Prep 15 mins
Cook 30 mins
A nice roasted cabbage that becomes a warm salad when using the balsamic vinegar option. **Two cutting options provided both tend to want to separate just because it is cabbage.
- 1 head green cabbage
- 44.37 ml olive oil
- 4.92 ml salt
- 4.92 ml sugar
- 1.23 ml pepper
- 9.85 ml balsamic vinegar (optional)
- Pre-heat oven to 425°F.
- Combine salt, pepper, and sugar in small bowl. Set aside.
- **Cutting option 1- Quarter cabbage through core and cut each quarter in to 1-inch wedges, leaving core intact.

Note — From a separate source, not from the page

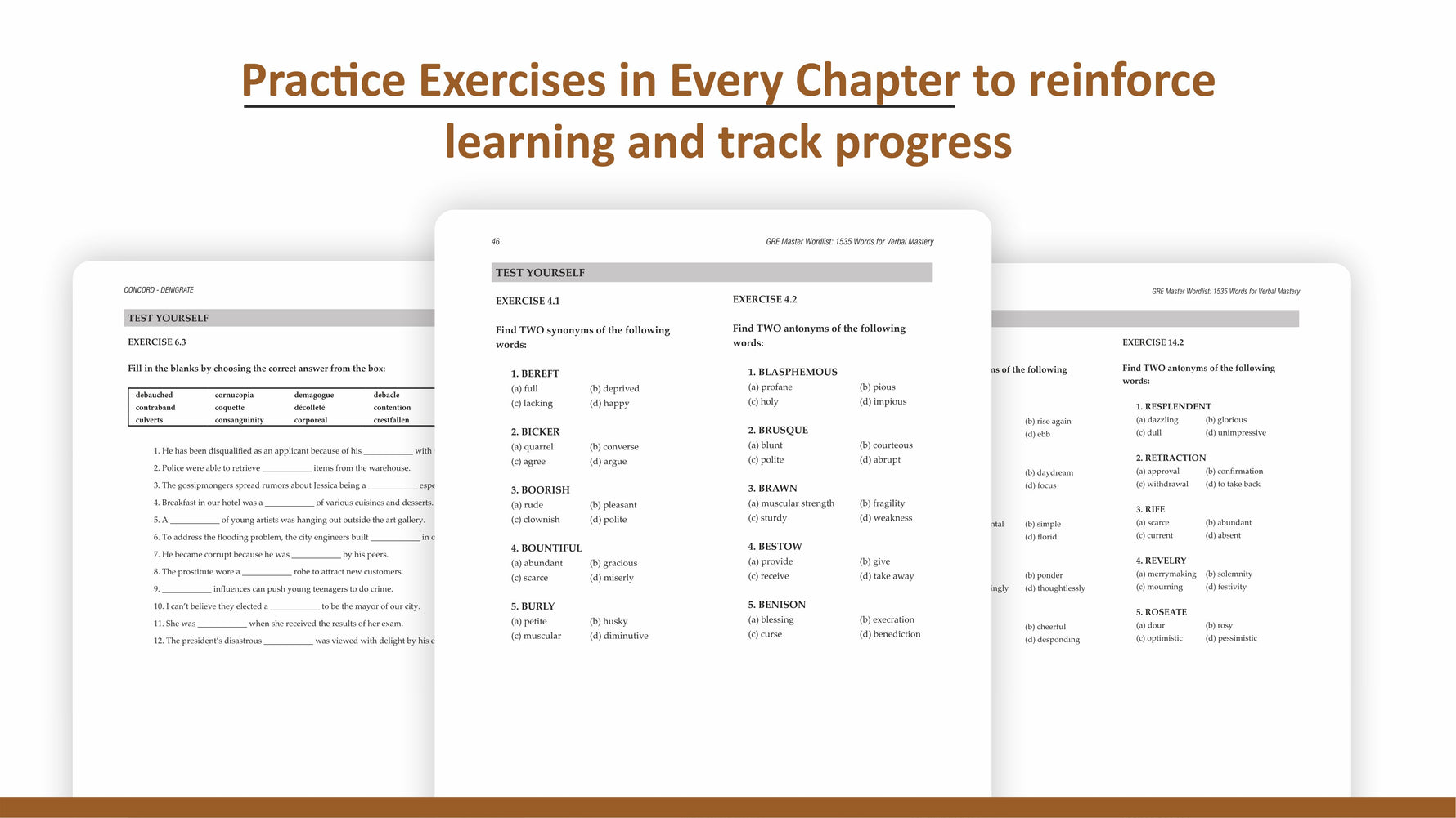 Very good book. I especially like the "How to Get the Most Out of this Book" section. It gives several good tips on how to learn these vocab words faster and explains why to even try to expand your vocabulary. The layout is extremely easy to use (even as an eBook) with clear formatting differences between entry words, synonyms & antonyms, and exercises. The checkup exercises included after each chapter are very helpful too! For those who want extra practice, even more self-test exercises are available on vibrantpublisher's website. If you're gonna read this book, be prepared to take your time and think deep because a lot of these vocabulary words may be unfamiliar. But by following their guidelines for learning them, you'll be expanding your vocabulary in no time!
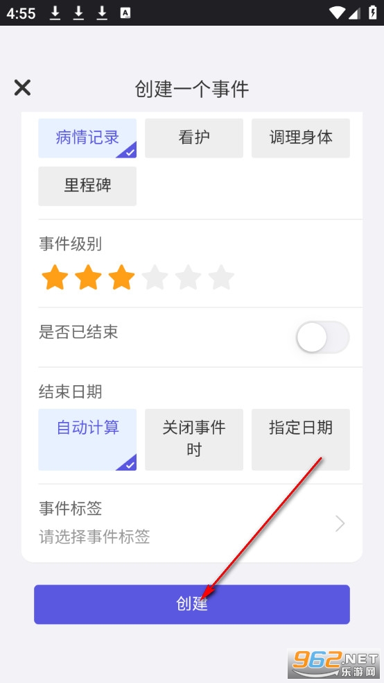 填写事件信息后点击下方创建。

You'll have about 16 wedges.
- **Cutting option 2- Slice into 1-inch-thick rounds, leaving core in to help hold it together.
- Brush a rimmed baking sheet with 1 tablespoon olive oil.
- Arrange cabbage in single layer on baking sheet and brush with remaining 2 tablespoons olive oil. Sprinkle with salt mixture.
- Roast until cabbage is tender and edges are golden, 25 to 35 minutes.
- Sprinkle hot cabbage with balsamic vinegar if using.
So I tried this recipe thinking I'd give cabbage another chance - and I'm glad I did! Roasting is definitely the way to go with cabbage and the balsamic makes it even better. Why don't more people know about this? I cut it in wedges but next time I think I'll cut in circles to make for a more even roasting/seasoning. Thanks for the post!
Definitely would make this again. My kind of recipe-tasty, uses oven, and simple. I did put balsamic vinegar on for sure as I have some excellent aged balsamic-we even packed in our suitcase-didn't buy wine but bought vinegar. LOL! Thanks Debbwl for sharing.
Tasted geat and was easy to throw together. I did have a little trouble with the outsides burning and the inside needing to cook longer, but sometimes I think my oven gets hotter than it should. Will be using this again! Made for ZWT 7.